Respuesta :
Here in order to find out the distance between two planes after 3 hours can be calculated by the concept of relative velocity
[tex]v_{12} = v_1 - v_2[/tex]
here
speed of first plane is 700 mi/h at 31.3 degree
[tex]v_1 = 700 cos31.3\hat i + 700 sin31.3\hat j[/tex]
[tex]v_1 = 598.12\hat i + 363.7\hat j[/tex]
speed of second plane is 570 mi/h at 134 degree
[tex]v_2 = 570 cos134 \hat i + 570 sin134 \hat j[/tex]
[tex]v_2 = -396\hat i + 410\hat j[/tex]
now the relative velocity is given as
[tex]v_{12} = (598.12 + 396)\hat i + (363.7 - 410)\hat j[/tex]
[tex]v_{12} =994.12\hat i -46.3 \hat j[/tex]
now the distance between them is given as
[tex]d = v* t[/tex]
[tex]d = (994.12 \hat i - 46.3 \hat j)* 3[/tex]
[tex]d = 2982.36\hat i - 138.9\hat j [/tex]
so the magnitude of the distance is given as
[tex]d = \sqrt{2982.36^2 + 138.9^2}[/tex]
[tex]d = 2985.6[/tex] miles
so the distance between them is 2985.6 miles
Answer:
Planes are 2985.48 miles far after 3 hours.
Explanation:
Let right represents positive x- axis and up represent positive y - axis.

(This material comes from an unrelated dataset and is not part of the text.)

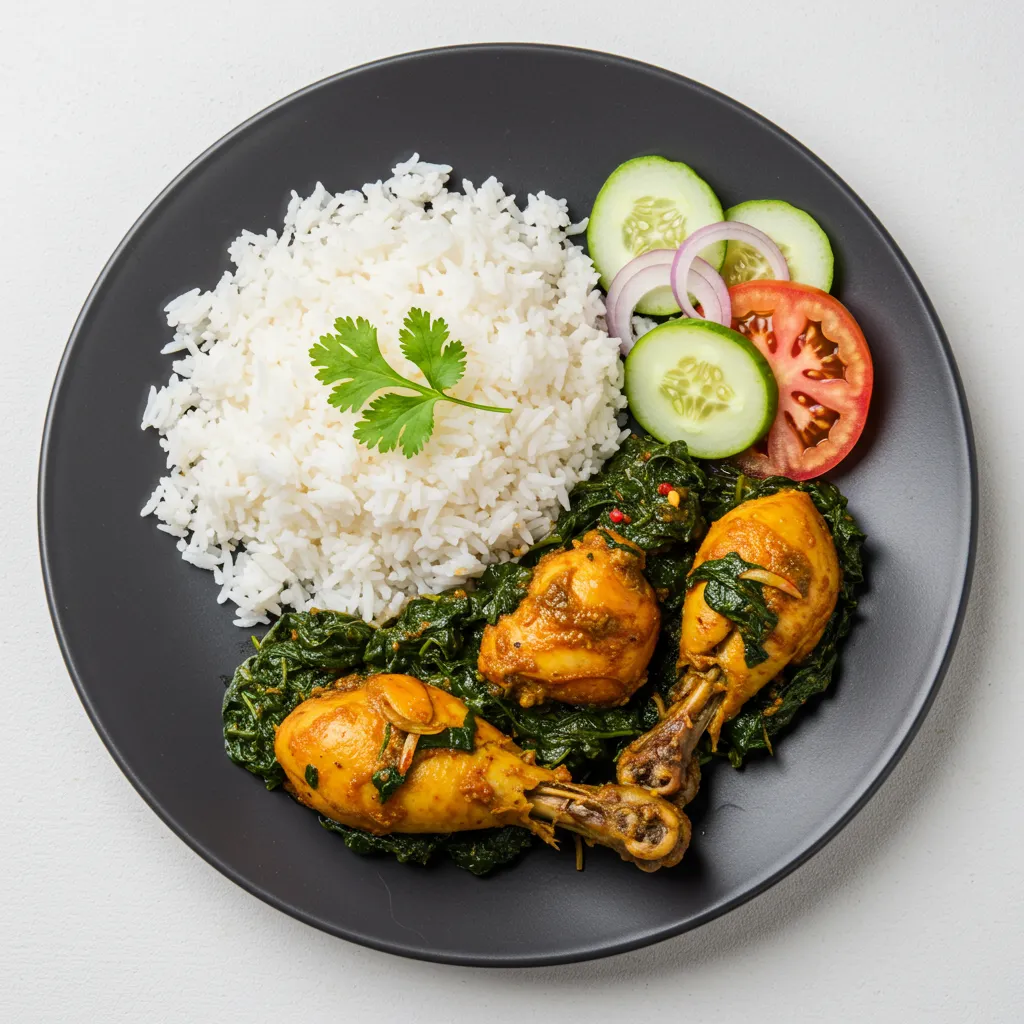 Hähnchenfleisch, Basmati-Reis oder Brot, Salat, scharfe TomatensoBe G

Horizontal component is i and vertical component is j.
We have velocity of the first airplane is 700 m/h at an angle 31.3° to the horizontal.
So Velocity of first plane = 700 cos 31.3 i + 700 sin 31.3 j
= (598.12 i + 363.66 j) m/h
We also have velocity of the second airplane is 570 m/h at an angle 134° to the horizontal.
Velocity of second plane = 570 cos 134 i + 570 sin 134 j
= (-395.96 i + 410.02 j) m/h
Displacement of first plane after 3 hours = Velocity * Time
= (598.12 i + 363.66 j) *3
= (1794.36 i + 1090.98 j) mi
Displacement of second plane after 3 hours = (-395.96 i + 410.02 j)*3
= (-1187.88 i + 1230.06 j) mi
Displacement vector between two planes = (1794.36 i + 1090.98 j) - (-1187.88 i + 1230.06 j)
= (2982.24 i - 139.08 j) mi
Magnitude of displacement = [tex]\sqrt{2982.24^2+(- 139.08)^2} =2985.48 mi[/tex]
So planes are 2985.48 miles far after 3 hours.